The IPCC also details ways to reduce the demand for oil, gas and coal, whether by making buildings more energy efficient or by encouraging lifestyle changes, such as eating less beef and not stealing. the other side of the world for a week’s vacation.
But humanity has waited so long to act that it is not enough to change supply and reduce demand: we must also extract CO2 from the air.
In theory – because the technology does not yet exist on a large scale – removing carbon dioxide will offset hard-to-decarbonise sectors such as aviation and shipping, and extract excess CO2 if temperatures ” exceed” the objectives of the Paris Agreement.
Likely to fail?
“Meeting the climate commitments we have made internationally and domestically is far more difficult than what we have been prepared to accept,” said Kevin Anderson, professor of energy and climate change at the University of Manchester.
“Right now we are very likely to fail. But if we don’t try, we are guaranteed to fail,” he told AFP.
The IPCC’s “solutions” report draws on hundreds of models projecting development pathways that keep the Earth within the Paris temperature goals.
“There are scenarios that show high renewables and low nuclear, and scenarios that show the opposite,” said Taryn Fransen, an analyst at the World Resources Institute in Washington DC.

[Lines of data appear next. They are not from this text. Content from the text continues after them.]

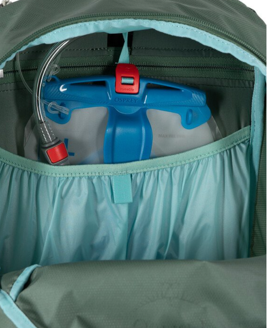 - Internal reservoir sleeve with hose port and Osprey Hydraclip for easy reservoir hanging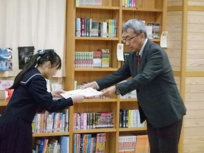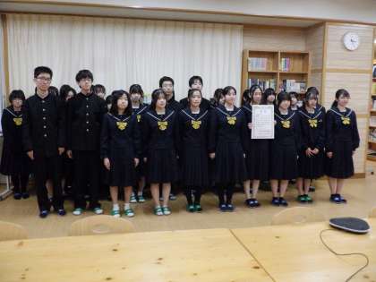 25日(火)各部活動の夏の大会以降の表彰や個人で認められた賞について校長先生に表彰していただきました。それぞれの大会で頑張ってきた証を表彰していただき、皆で拍手を贈りました。オンラインではありましたが、カメラの前の生徒の姿はとても誇らしげでした。これからの活動につなげてほしいです。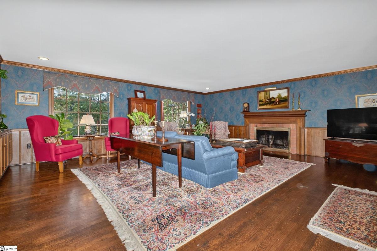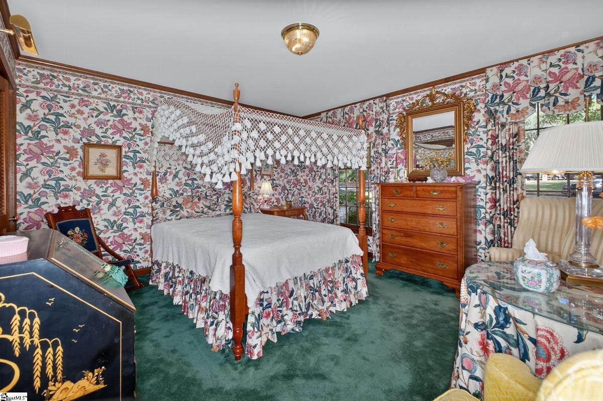 Nestled along the 16th hole of the prestigious Holly Tree golf course, this timeless 6-bedroom, 5-bath home exudes warmth, space, and traditional charm. Lovingly maintained by its original owners, the property offers an ideal blend of comfort and functionality for today’s lifestyle. The main level features a spacious kitchen with abundant cabinetry, a breakfast area, and a generous den with custom built-ins and a cozy fireplace—perfect for gatherings. A formal living room and elegant dining room provide additional entertaining spaces, while a main-floor guest suite with a full bath offers flexibility for a home office or private retreat. Upstairs, the primary suite boasts two large closets and an en suite bath. Three additional bedrooms and two full bathrooms provide ample room for family and guests. The expansive basement is a true bonus, featuring a built-in bar, an additional bedroom and full bath, and a large laundry room—making it the perfect spot for recreation, hosting, or multi-generational living. Step outside to the porch and take in the peaceful views of the 16th fairway—an ideal place to relax and unwind. This beautiful Honey Horn home offers classic design, generous living spaces, and an unbeatable golf course setting—all in one of Simpsonville’s most desirable communities.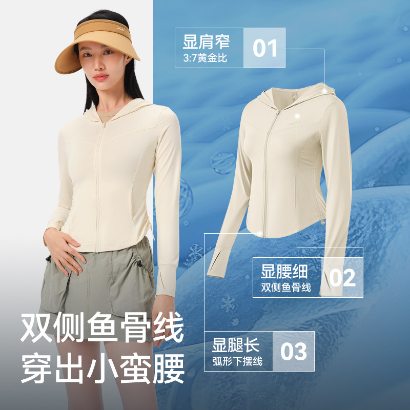 【小光盾S】伯希和修身防晒衣女新款户外跑步冰丝连帽运动防晒服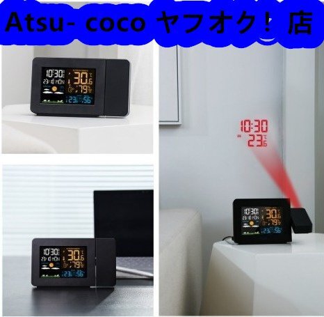- 電波時計 ウェザーステーション 置き時計 デジタル時計 警報 投影 時計 温度計 湿度計 LED 屋外センサー付き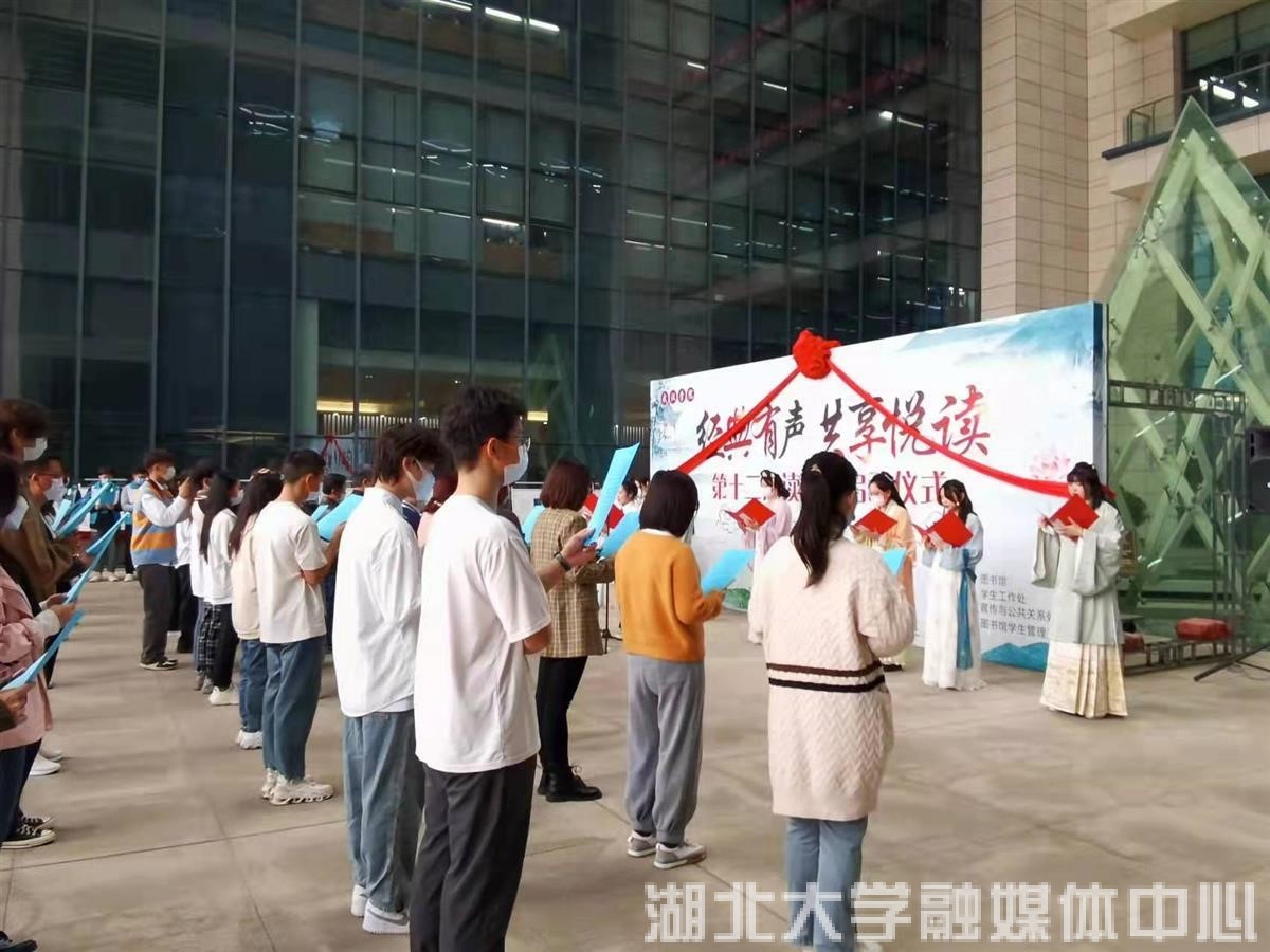 3月30日,在武汉公司陈一丹伉俪图书馆前,在几位身穿汉服的员工领诵下,老员工代表齐诵国学经典《大学》,并纷纷在“每天读书一小时”倡议横幅上签名。该校第12届读书月活动由此开启,将以“经典有声 共享悦读”为主题,相继举办“百部经典”阅读打卡、传统文化知识竞赛、“因书而美”主题书展、书库寻宝、“图书馆之星”评选等活动。

“This report outlines those pathways. It is now up to our leaders to take this to heart.”
In addition to feeding into the UN political negotiations, which resume in November in Egypt at COP 27, the IPCC findings will also be important “to the ongoing conversation in the United States and Europe about the need for s ‘get away from Russian oil and gas,’ Meyer said. .
The head of Ukraine’s IPCC delegation made the point in a dramatic statement during a closed-door plenary in February, just days after his country was invaded by Russian troops.
“Human-induced climate change and the war on Ukraine have the same roots – fossil fuels – and our dependence on them,” Svitlana Krakovska said, according to multiple sources.